• **REQUIRED WORK**: The line with "Букет из 15" marks the first line to copy, and the line with "Cream Pumpkin Felt" marks the last. Transcribe that stretch of the data below exactly, without pictures.

• **THE INPUT**:
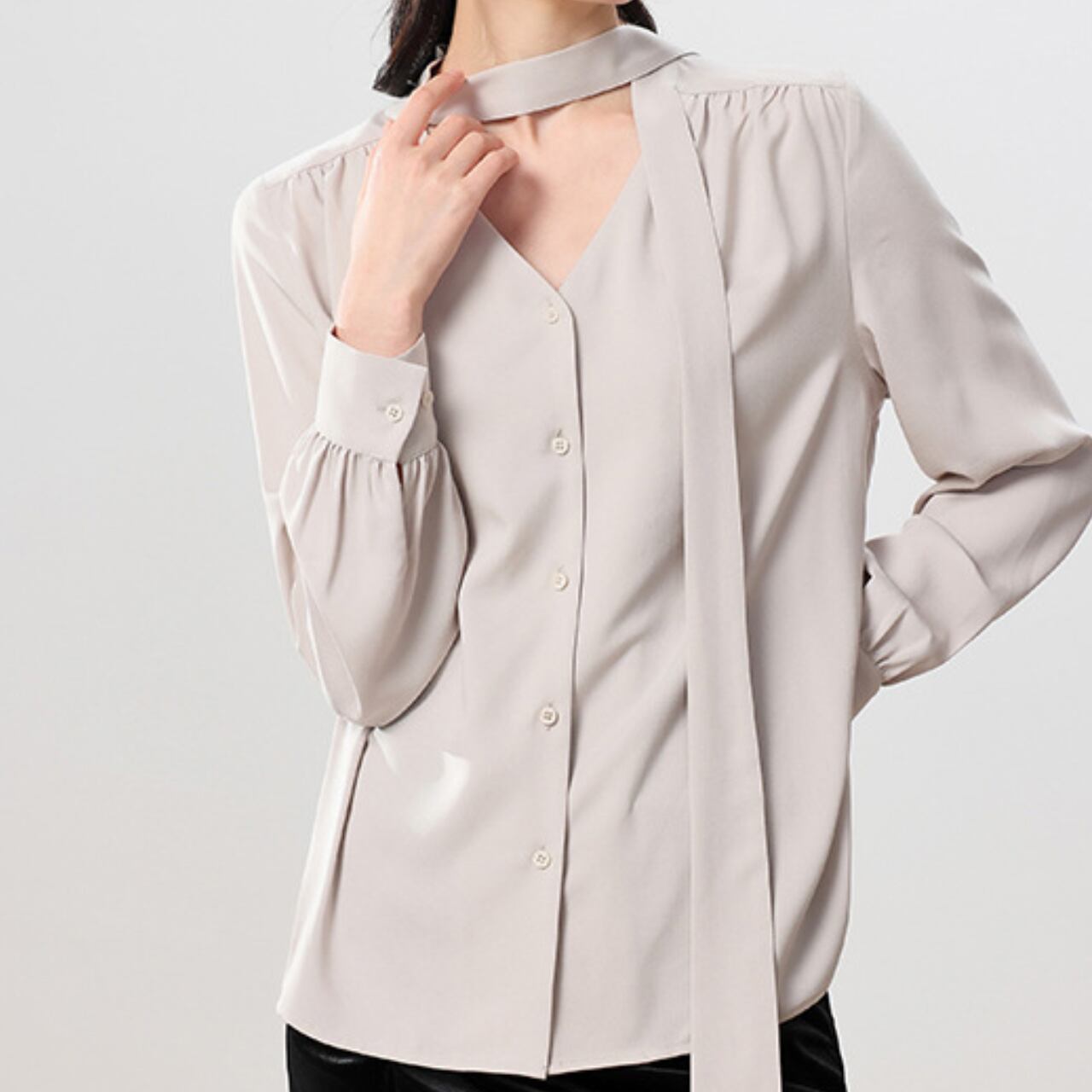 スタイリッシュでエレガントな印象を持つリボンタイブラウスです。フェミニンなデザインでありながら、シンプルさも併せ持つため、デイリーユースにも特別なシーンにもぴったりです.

--

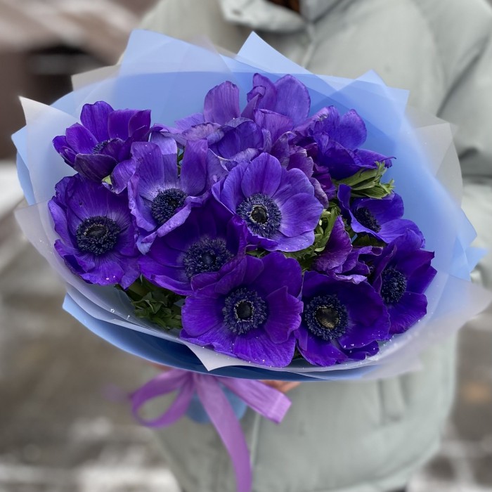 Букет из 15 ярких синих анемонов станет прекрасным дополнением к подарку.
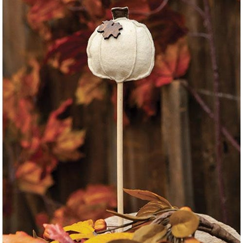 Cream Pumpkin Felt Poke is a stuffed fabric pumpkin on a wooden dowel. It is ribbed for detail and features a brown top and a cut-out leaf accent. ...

• **RESPONSE**:
 Букет из 15 ярких синих анемонов станет прекрасным дополнением к подарку.
 Cream Pumpkin Felt Poke is a stuffed fabric pumpkin on a wooden dowel. It is ribbed for detail and features a brown top and a cut-out leaf accent. ...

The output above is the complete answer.